Abstract

Species abundances are undoubtedly the most widely available macroecological data, but can we use them to distinguish among several models of community structure? Here we present a Bayesian analysis of species-abundance data that yields a full joint probability distribution of each model's parameters plus a relatively parameter-independent criterion, the posterior Bayes factor, to compare these models. We illustrate our approach by comparing three classical distributions: the zero-sum multinomial (ZSM) distribution, based on Hubbell's neutral model, the multivariate Poisson lognormal distribution (MPLN), based on niche arguments, and the discrete broken stick (DBS) distribution, based on MacArthur's broken stick model. We give explicit formulas for the probability of observing a particular species-abundance data set in each model, and argue that conditioning on both sample size and species count is needed to allow comparisons between the two distributions.
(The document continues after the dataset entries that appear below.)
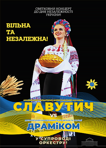 Праздничный концерт объединит два мощных коллектива – Академический фольклорно-хореографический ансамбль "Славутич" и Днепровский академический театр драмы и комедии "ДРАМИКОМ" в сопровождении оркестра. На художественном событии зритель имеет возможность насладиться энергией украинского танца, выразительным театральным словом, живой музыкой.
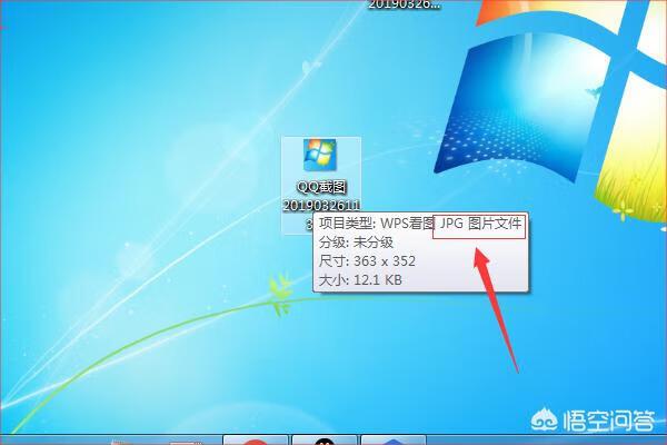 6、最后,在桌面可以查看截图的图片文件类型为JPG。qq截图png格式直接转成了JPG格式。
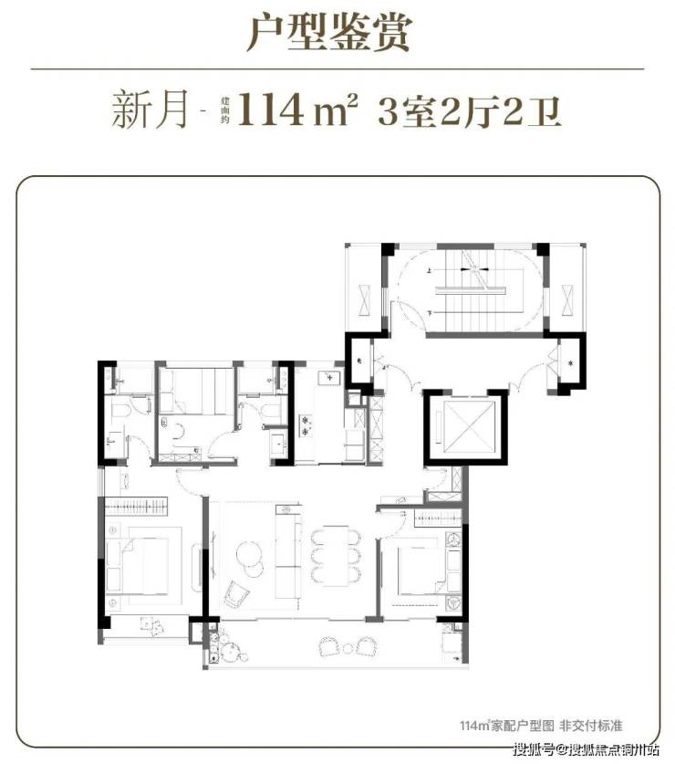 建面约114㎡3房2厅2卫户型:独立玄关,兼具收纳功能与归家仪式感;餐客厨一体化,动线流畅;主卧套房式设计,配备飘窗、衣帽间和独立浴缸等,私密舒适。
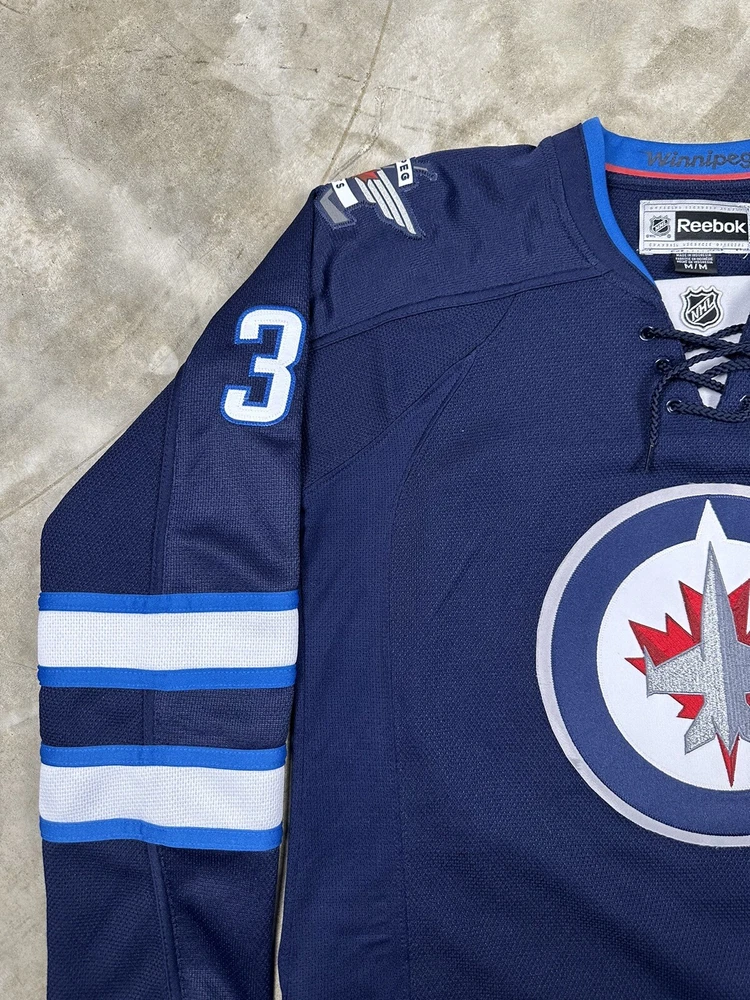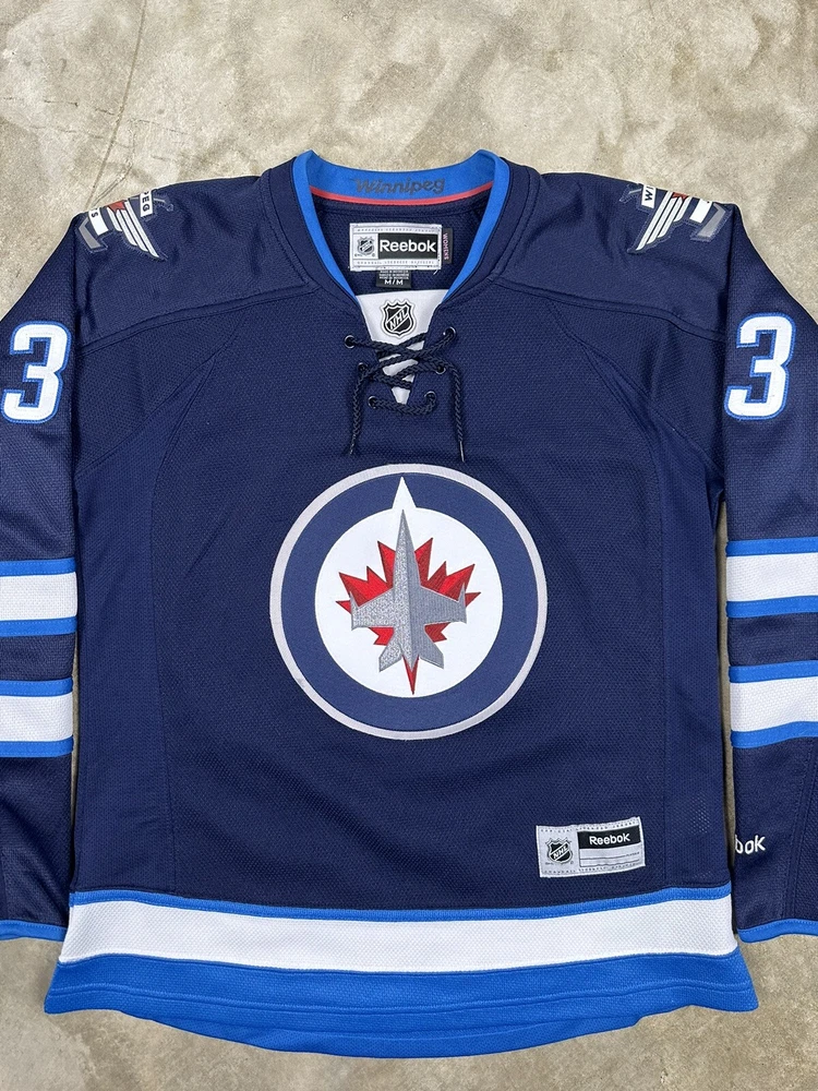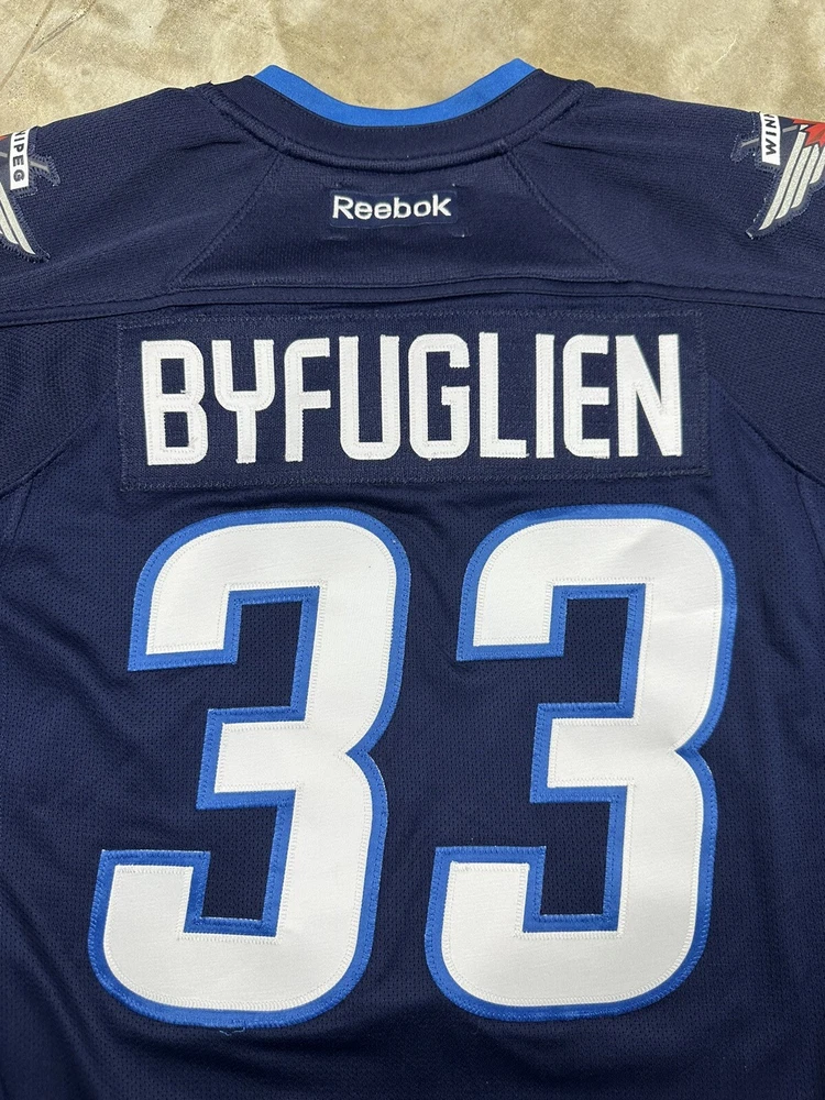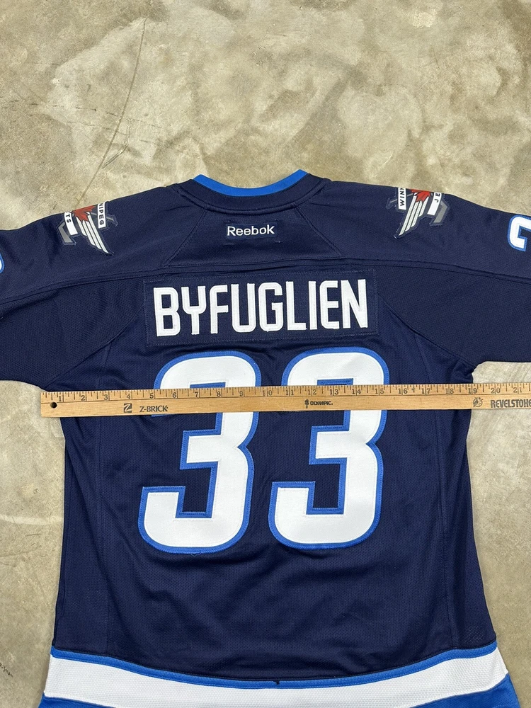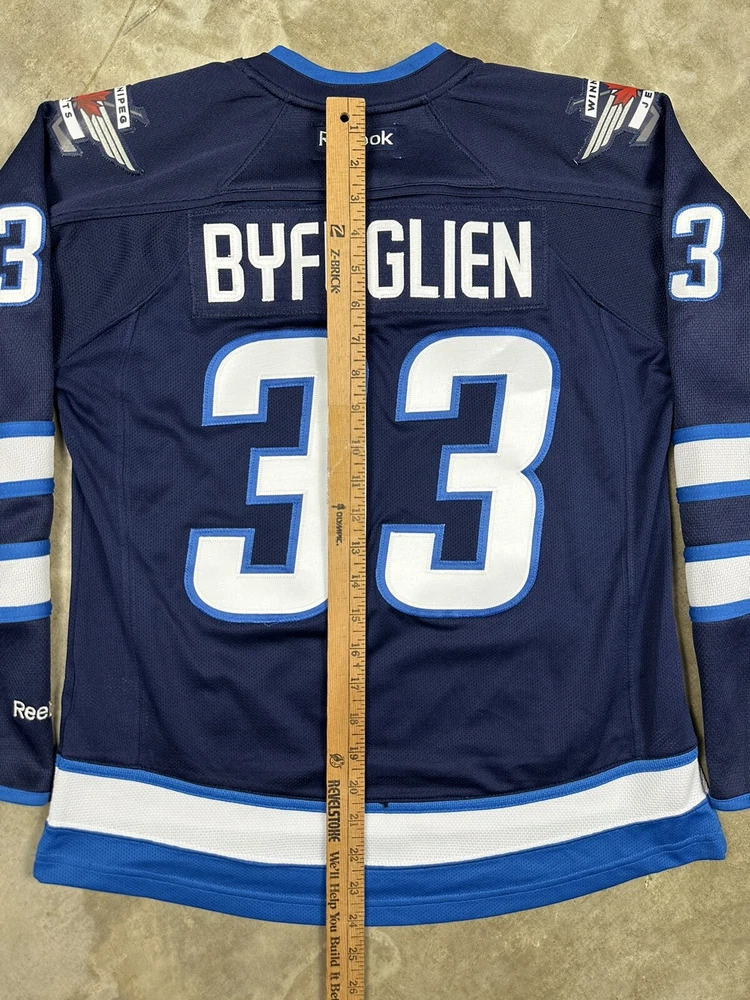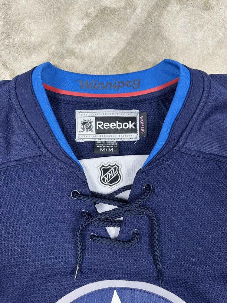 Brand:ReebokPlayer:Dustin ByfuglienOfficially Licensed:YesLeague:National Hockey League (NHL)Color:BlueSport:HockeySize:MTeam:Winnipeg JetsGender:WomenProduct:Jersey

We apply our approach to two neotropical communities (trees, fish). We find that DBS is largely inferior to ZSM and MPLN for both communities. The tree data do not allow discrimination between ZSM and MPLN, but for the fish data ZSM (neutral model) overwhelmingly outperforms MPLN (niche model), suggesting that dispersal plays a previously underestimated role in structuring tropical freshwater fish communities. We advocate this approach for identifying the relative importance of dispersal and niche-partitioning in determining diversity of different ecological groups of species under different environmental conditions.